Reproduce every record exactly as it appears, but not the pictures.
*** Opening Material provided ***
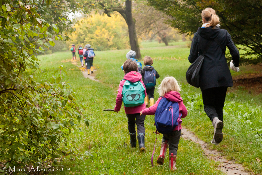 Tutta la materna insieme per esplorare un Parco che è il preferito del nostro dado giardiniere, il dado Paolo!
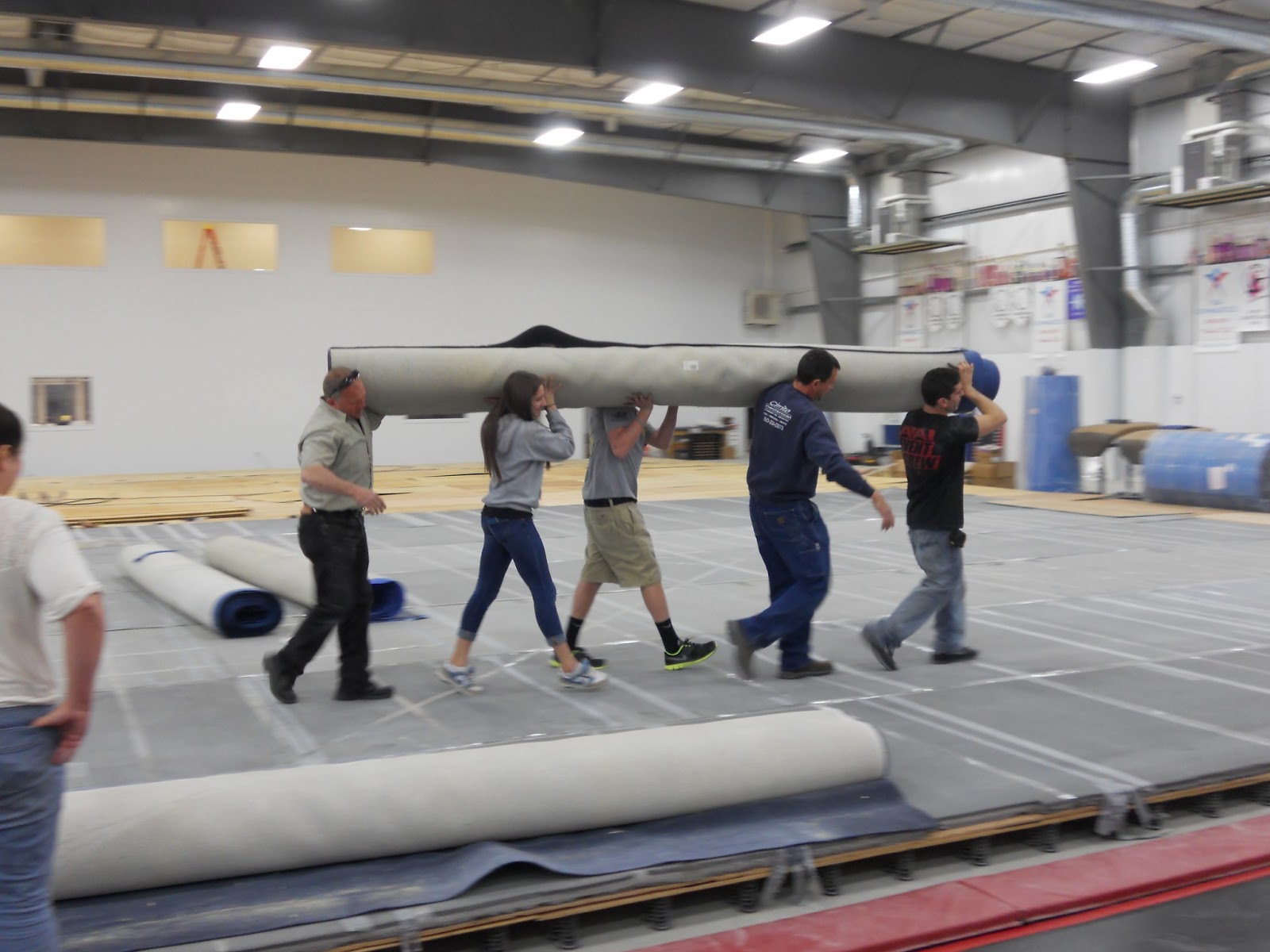 I think I got home about 10 that night, but the gym floor was assembled and the new carpet bonded foam for the cheer floor was all laid out and ready to go once we got about 20 more pieces of plywood to change the new floor system to match the existing floor the next day.
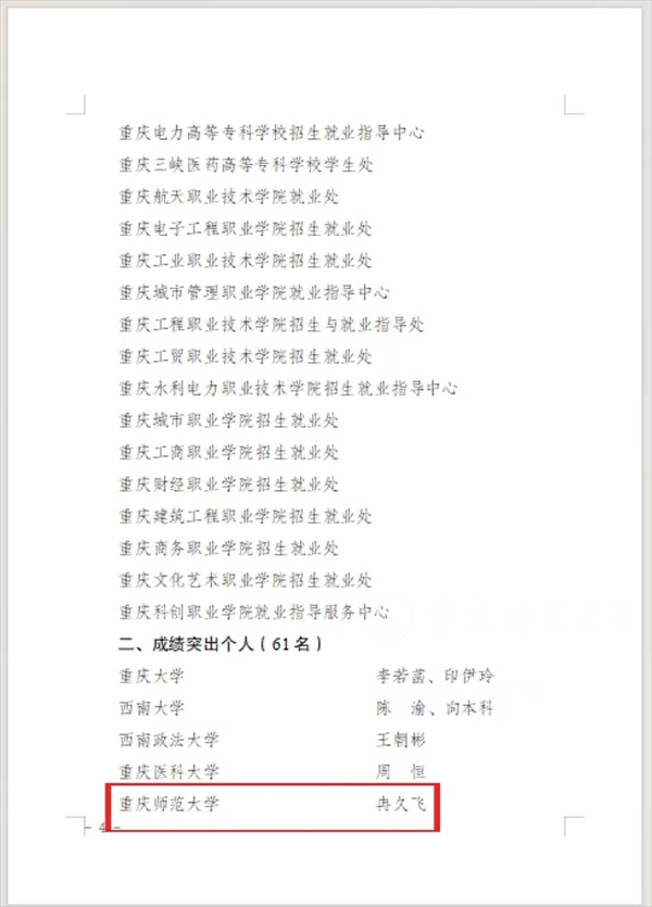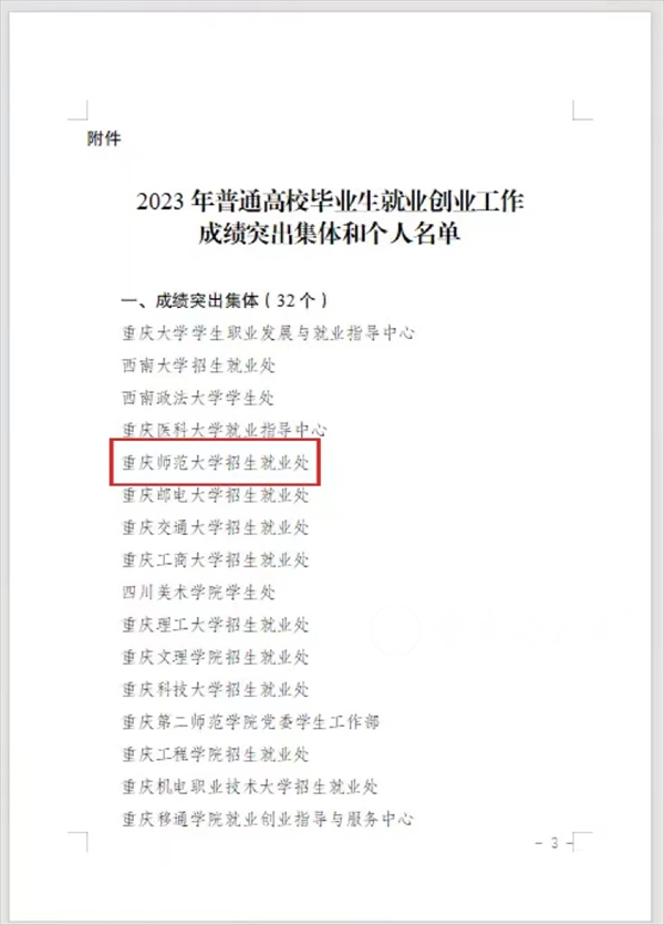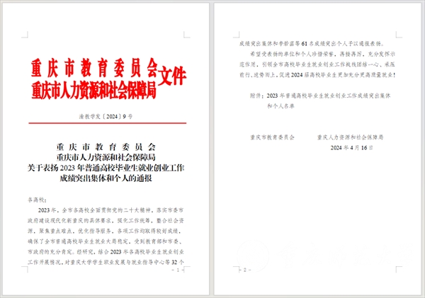 近日,重庆市教育委员会、重庆市人力资源和社会保障局公布《2023年普通高校毕业生就业创业工作成绩突出集体和个人名单》,AC米兰招生就业处获评“重庆市2023年普通高校毕业生就业创业工作成绩突出集体”,招生就业处处长冉久飞获评“重庆市2023年普通高校毕业生就业创业工作成绩突出个人”。
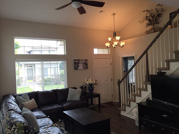 Stunning low maintenance home in highly sought after Broadlands neighborhood. Main floor bedroom and full bath. Beautiful updated kitchen with breakfast bar, Corian counters, glass-tile backsplash, stainless steel range, microwave, and dishwasher. Main floor laundry. Vaulted living room ceiling with open dining area on main floor. Upstairs loft perfect for office work space. Master bedroom features large walk-in closet with updated dark cherry wood and a 4-piece master bath. Central A/C. Insulated and covered garage with work bench, cabinets, and storage. Deck outside is great for entertaining with built-in benches and a fenced yard. Low HOA fees and minimal house/yard maintenance. Golf course and pool community. Shows like new. Corner lot, lots of natural light. Buyer to verify all info. Don't miss this opportunity!
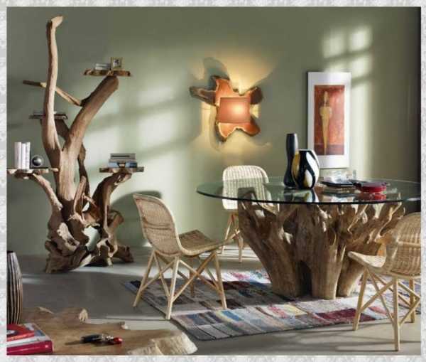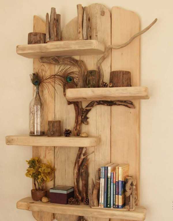 Сучки и коряги, чтобы украсить жилое помещение, должны подвергнуться обработке. Поиск необходимой формы и правильная компоновка материала способны дать удивительные результаты.
*** Closing Material provided ***
§ Task answer
 Tutta la materna insieme per esplorare un Parco che è il preferito del nostro dado giardiniere, il dado Paolo!
 I think I got home about 10 that night, but the gym floor was assembled and the new carpet bonded foam for the cheer floor was all laid out and ready to go once we got about 20 more pieces of plywood to change the new floor system to match the existing floor the next day.
 近日,重庆市教育委员会、重庆市人力资源和社会保障局公布《2023年普通高校毕业生就业创业工作成绩突出集体和个人名单》,AC米兰招生就业处获评“重庆市2023年普通高校毕业生就业创业工作成绩突出集体”,招生就业处处长冉久飞获评“重庆市2023年普通高校毕业生就业创业工作成绩突出个人”。
 Stunning low maintenance home in highly sought after Broadlands neighborhood. Main floor bedroom and full bath. Beautiful updated kitchen with breakfast bar, Corian counters, glass-tile backsplash, stainless steel range, microwave, and dishwasher. Main floor laundry. Vaulted living room ceiling with open dining area on main floor. Upstairs loft perfect for office work space. Master bedroom features large walk-in closet with updated dark cherry wood and a 4-piece master bath. Central A/C. Insulated and covered garage with work bench, cabinets, and storage. Deck outside is great for entertaining with built-in benches and a fenced yard. Low HOA fees and minimal house/yard maintenance. Golf course and pool community. Shows like new. Corner lot, lots of natural light. Buyer to verify all info. Don't miss this opportunity!
 Сучки и коряги, чтобы украсить жилое помещение, должны подвергнуться обработке. Поиск необходимой формы и правильная компоновка материала способны дать удивительные результаты.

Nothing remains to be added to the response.